Back at the table, Aaron and Jon argue about something I can't catch. "Shut up and don't talk to me in that tone of voice," Jon says to Aaron, and pushes away from the table and walks off! Go Jon!
On the beach, Beth says she can overlook Dom's drunken antics, but she can't believe that he's holding the chicken dancing against Jon. I hate to say it, but that's a good point.
Aaron and Dom talk about something in their hotel room, but it's all muttered and nonsensical. Seriously, I have no idea what's going on here.
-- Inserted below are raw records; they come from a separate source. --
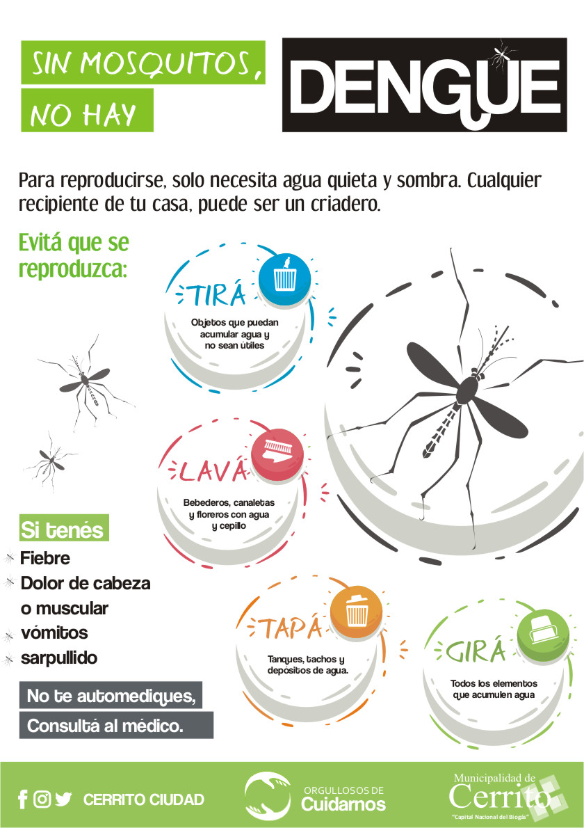 El Municipio de Cerrito inicia una fuerte campaña de concientización en su comunidad, para poder disminuir la reproducción del insecto. Para ello, es importante dar a conocer los hábitos y las condiciones que favorecen el desarrollo o el tiempo de vida del mosquito, para actuar con mayor eficacia en las tareas de prevención de la enfermedad.
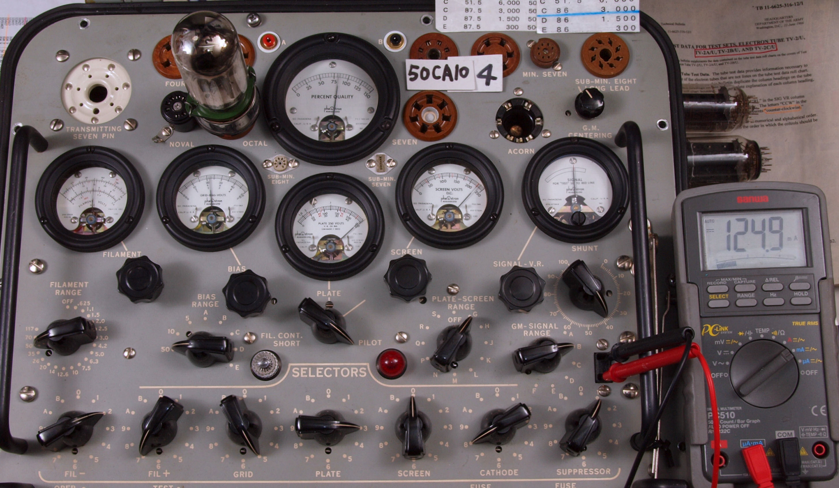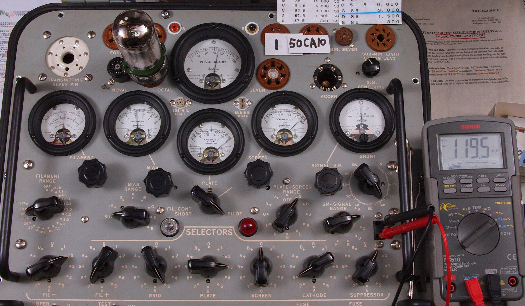 | U. TubeTester HickokTV−2B/Uによる付属真空管測定 。 U10. 付属真空管 50CA10。 左から1本目.2.3.4本目。 真空管ハンドブック(規格表)の、 50CA10相互コンダクタンス=12000μmho「Ep=250V、IP=95mA、Eg1=−22V」。 1965/1971全日本真空管マニュアル、1995オーディオ用真空管マニアルより。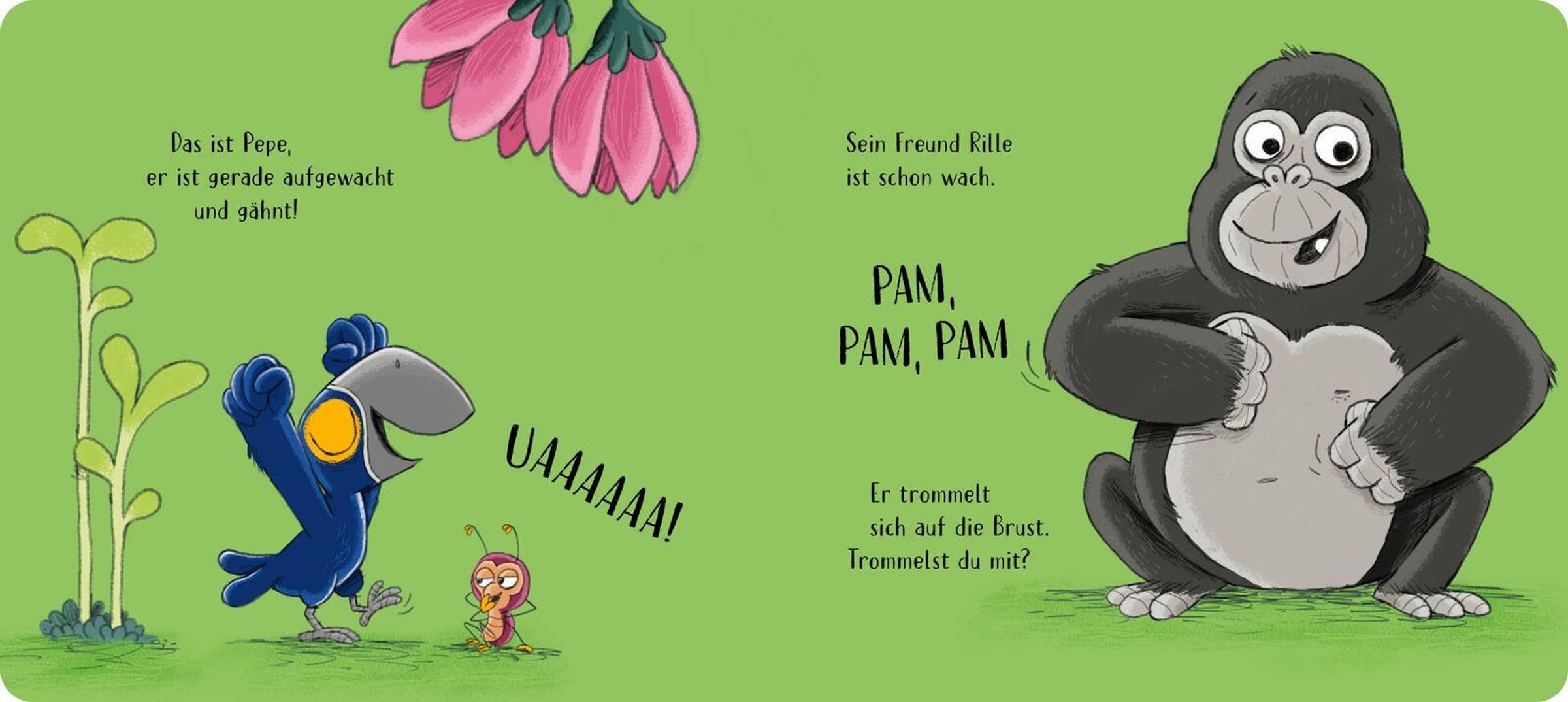 Mit Rille und Papagei Pepe macht schon das Aufstehen großen Spaß! Denn die Allerkleinsten dürfen überall mithelfen: sich auf die Brust trommeln wie ein kleiner Gorilla, volle Frühstücksbäuchlein streicheln, die Lianenschaukel anschubsen oder den Regen mit Klopfgeräuschen auf den Dschungelboden prasseln lassen. Dabei erleben sie vertraute Rituale auf spielerische Weise neu - bis der Tag sanft ausklingt und ein leises Gute Nacht durch die Bananenblätter weht.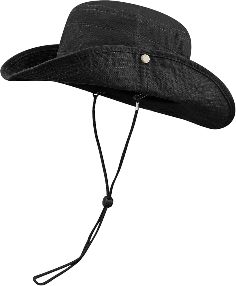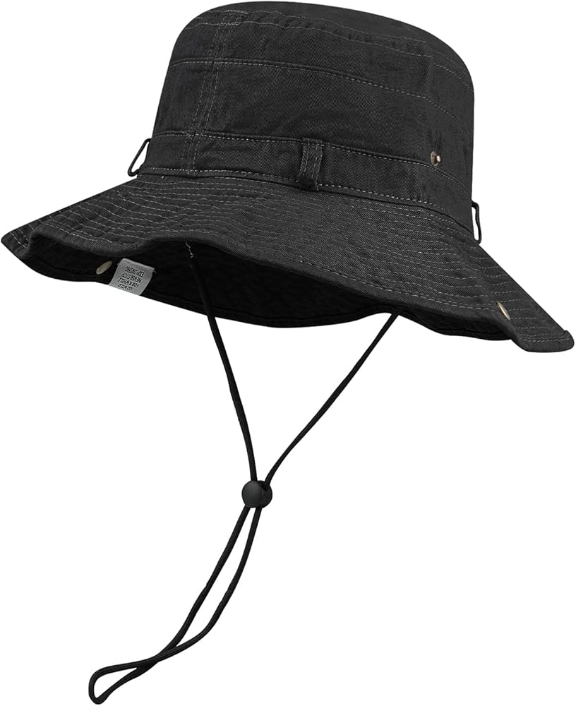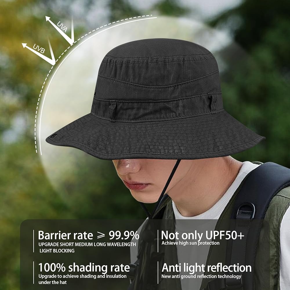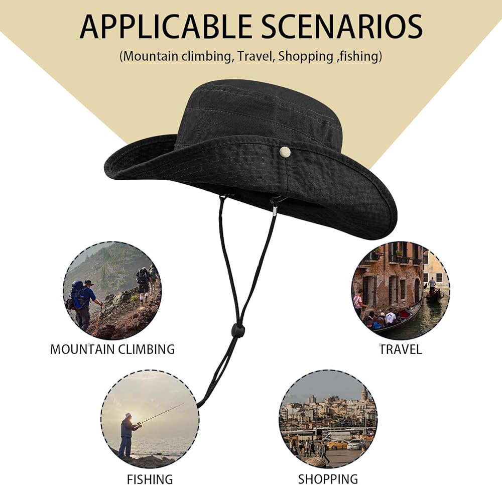 Outdoor Necessities-Wide Brim Sun Hat: Wide brim 3.15inch (8cm), blocking 50% sun UV rays and providing excellent full coverage for face&neck while outdoors; There are copper female buckles on both sides of the Beach hats, and the brim can be buckled up. Add a detachable chin strap, there are 3 ways to wear it, You can wear it as a regular bucket beach hat, a chin strap fishing bonnie hat or button it up as a cowboy hat. which is fashionable and versatile.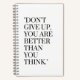 Don't give up you are better than you think notebook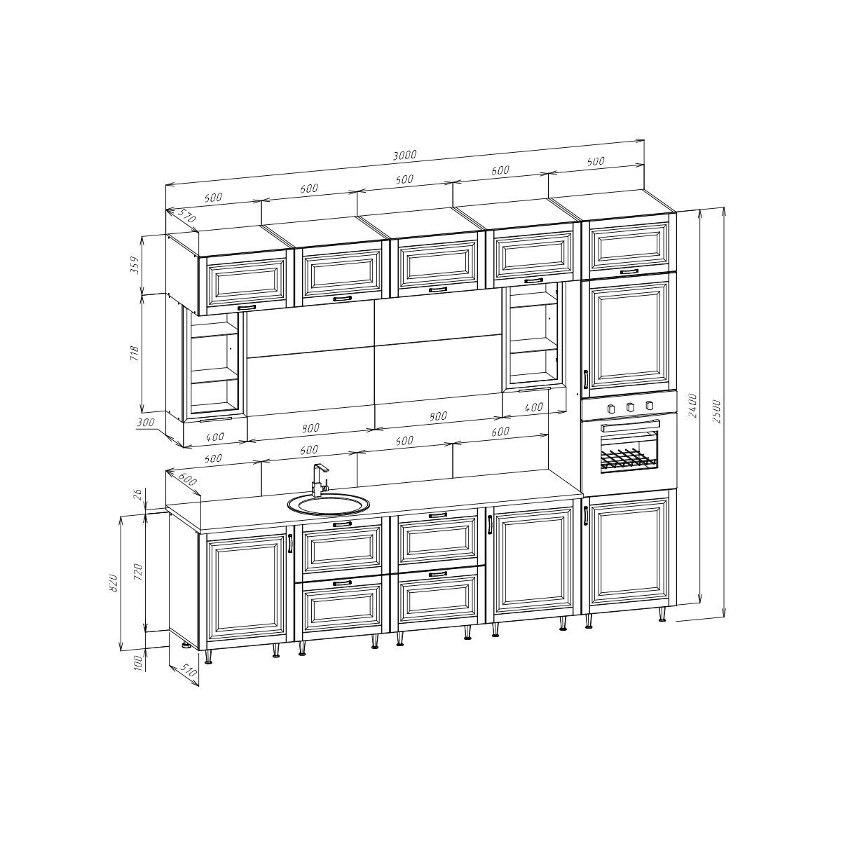 Стеновая панель (фартук), мойка, цоколь, карниз, подсветка, бытовая техника в стоимость кухонного гарнитура не входят и приобретаются дополнительно.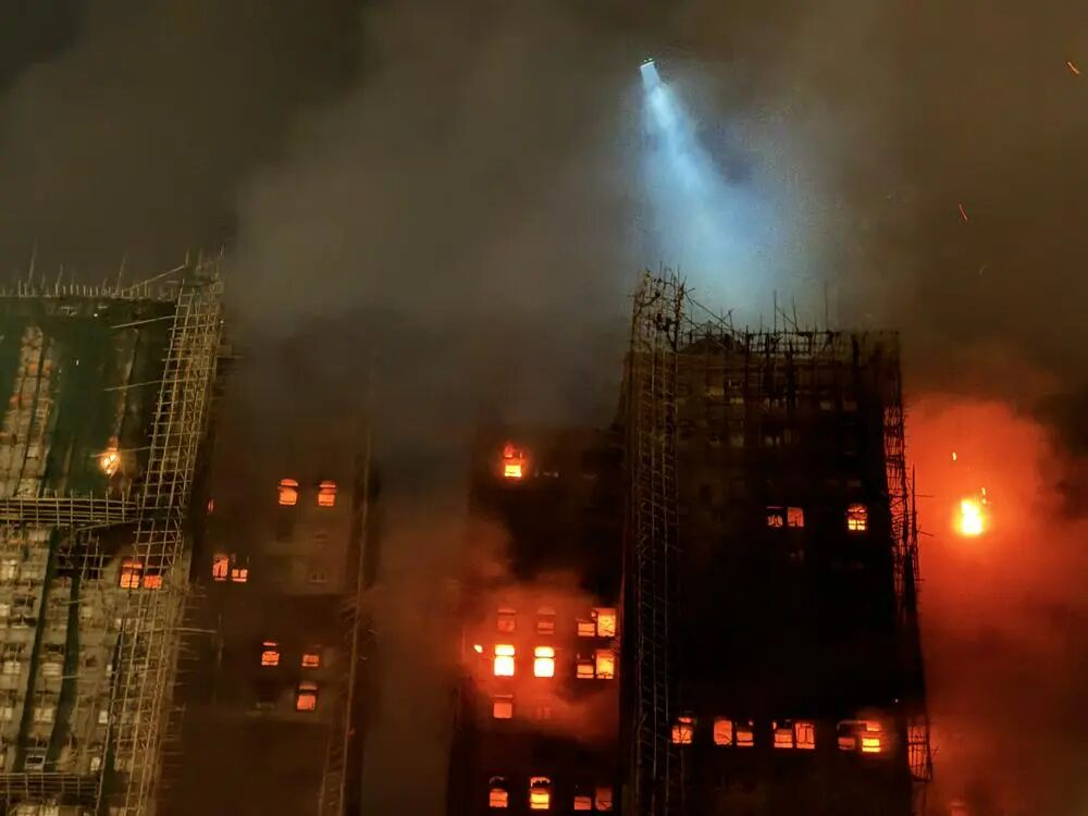 今日凌晨1时,财联社记者在香港大埔火灾事故现场发现,夜空中有多架无人机在火场上方盘旋。现场一名警务人员向记者确认,消防处及警方调用的无人机主要用于火场侦察与辅助照明。

Finally, each of the roommates look into the camera and say something along the lines that Mexico made them realize that they're never going to get along, ever. Well, I could have told them that. "The same old baggage came with us into paradise," Beth narrates, and then goes into her room and writes that sentence down in her diary because it's so very clever. And then they all pile into a tiny little taxi and drive to the airport and go home, hating each other more than ever.